CS 302 - Data Structures & Algorithms - Spring 2008
Programming Assignment 3


Loyola College > Department of Computer Science > CS 302 > Programming Assigngments > Programming Assignment 3

R is for Retrieval

(or lets play with hash tables)


Due

Design: Monday, February 25, 2008
Project: Wednesday, March 12, 2008 Monday, March 17, 2008 at the beginning of class

Background

A search engine builds what is known as an inverted index: a list of documents that contain a specific vocabulary word. The search engine can then quickly retrieve all documents that contain a word using the inverted index. Given a multi-word query, the search engine can intersect the retrieved documents to find the set of documents that includes all words from the query. (Generally, the frequency of the query words in a document is used to help determine the position of a document in a ranked list of documents.)
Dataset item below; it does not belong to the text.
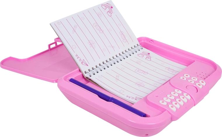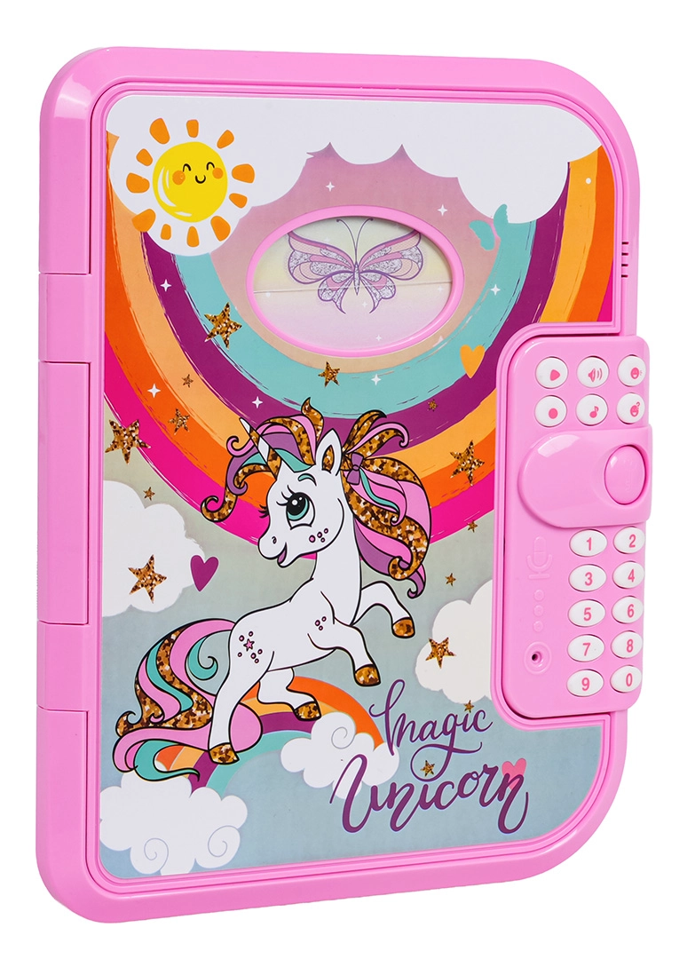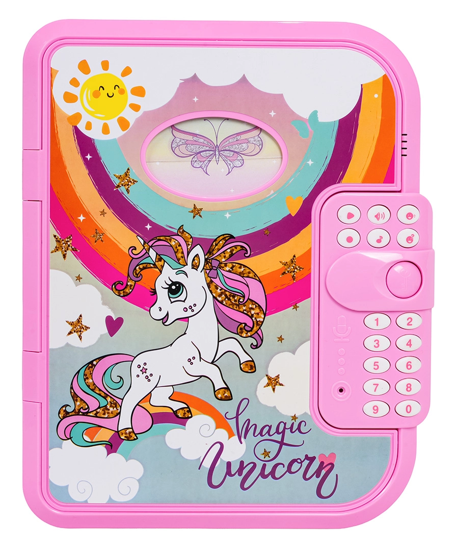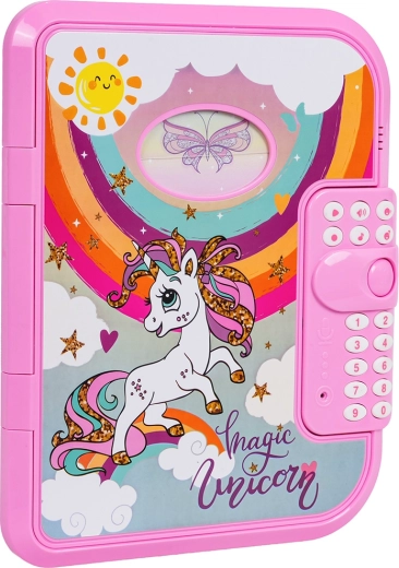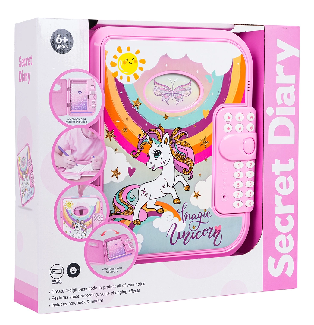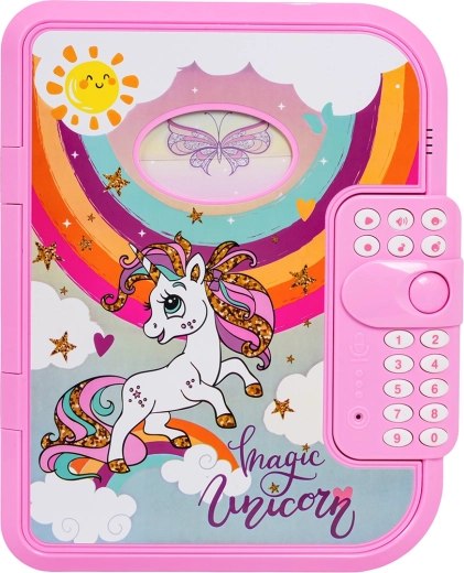 Ez az elektronikus titkos, unikornisos napló PIN-zárral óvja a gyerekek magánszféráját. A gyerekek akár 10 saját üzenetet rögzíthetnek, vidám dallamokat játszhatnak le, megváltoztathatják a hangszínt, és élvezhetik az interaktív „Találd ki a kódom” játékot. A fedélen átlátszó ablak van a tulajdonos fényképének, belül pedig praktikus notesz és filc.

To reduce the size of search space, a search engine also employs a stop-list: a list of words nobody cares about. For example, the English words "the" and "is" normally do not help identify a document.

The Assignment

The input to your program includes, as command-line arguments, a file name for the stop-list followed by a list of document file names. The rest of the input is queries read from standard input. From the document files, your program should first build an inverted index and then accept and respond to queries. The output for a query, printed to standard out, includes the file names and optionally the contents of all the documents that include all the non-stop-list words from the query.

Your program must store the inverted index as a hash table of pairs that contains the word and the collection of documents containing that word. (This hash table is essentially a mapping from words to the documents that contain that word.) Your program must also store the stop-list words in a (perhaps different) hash table. The stop-list file includes one entry per line.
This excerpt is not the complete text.